Task item ▸
Could you retype exactly the lines below between the one holding "Standard-Examiner: Friday, March" and the one holding "3月22日,兩名女子在諸暨市", inclusive, leaving out any pictures?

Records from a data collection:
^^^^^^^^^^^^^^^^

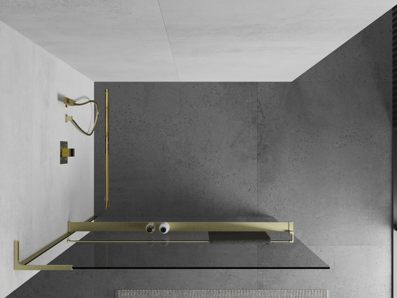Mexen Kioto+ L душ кабина със стена с рафт Walk-in 120 x 200 см, прозрачна, златиста четкана - 800-120-123-55-00
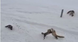 Tilkilerin 'ekmek kavgası' kameraya yansıdı
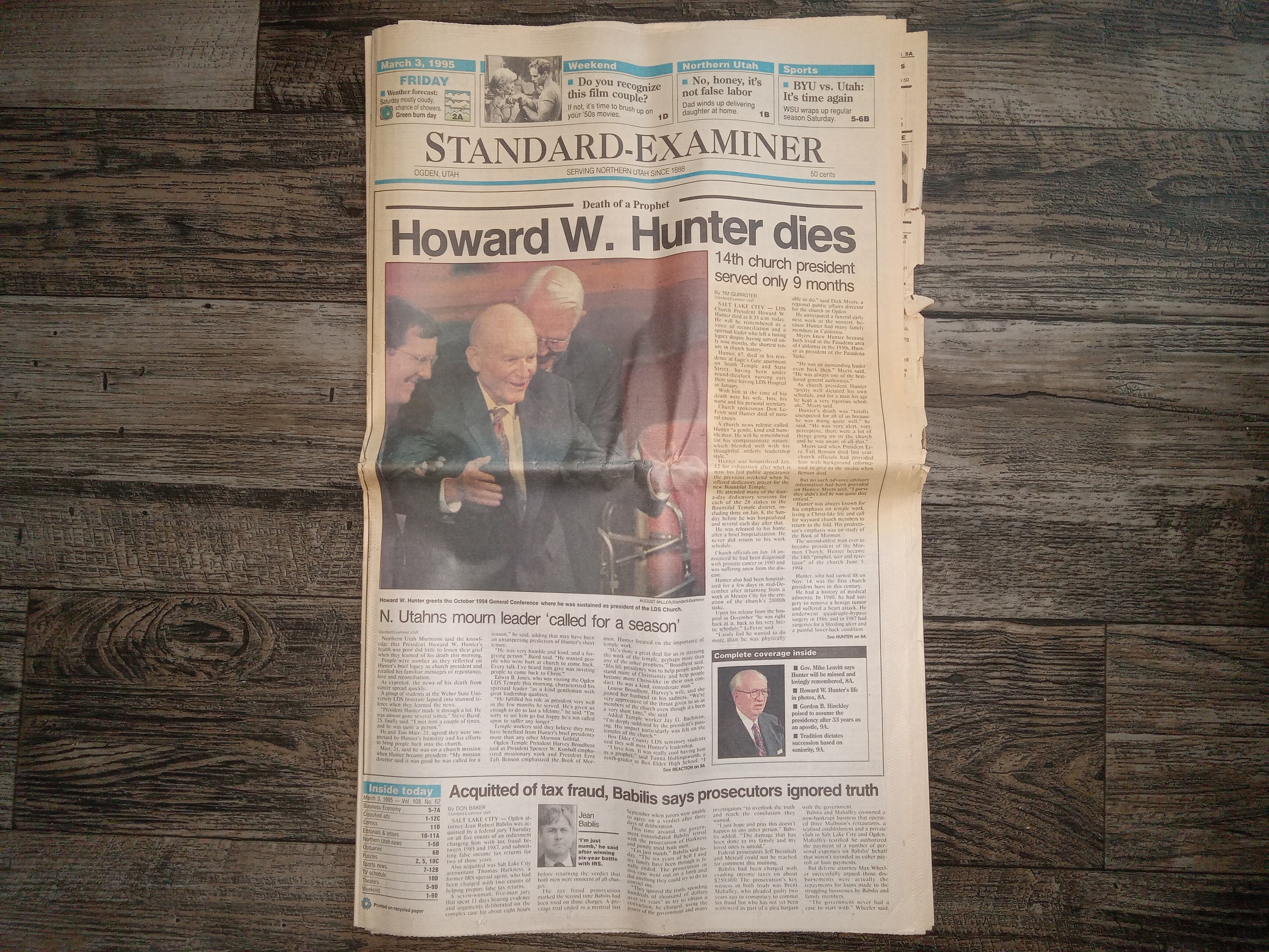 Standard-Examiner: Friday, March 3, 1995: Featuring the Death of President Howard W. Hunter
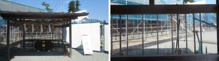 全国に約500社ある「阿蘇神社」の総本社、全面改装中でした。仮設の本殿と参拝所、こんなに苦労して訪れたのに・・・
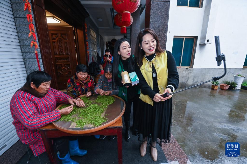 3月22日,兩名女子在諸暨市趙家鎮東莊村上陽自然村直播高山有機茶制作,助力網上銷售。
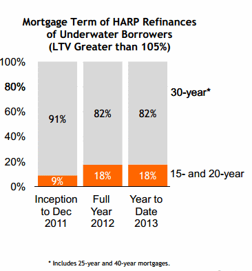 Another revision to the program created incentives forrnborrowers to refinance into shorter term mortgages in order to rebuild theirrnequity more quickly. In February 18rnpercent of HARP refinances were for shorter-term 15- and 20-year mortgages,rntwice the percentage as just before the program changes.</p

^^^^^^^^^^^^^^^^

Written response ▸
 Standard-Examiner: Friday, March 3, 1995: Featuring the Death of President Howard W. Hunter
 全国に約500社ある「阿蘇神社」の総本社、全面改装中でした。仮設の本殿と参拝所、こんなに苦労して訪れたのに・・・
 3月22日,兩名女子在諸暨市趙家鎮東莊村上陽自然村直播高山有機茶制作,助力網上銷售。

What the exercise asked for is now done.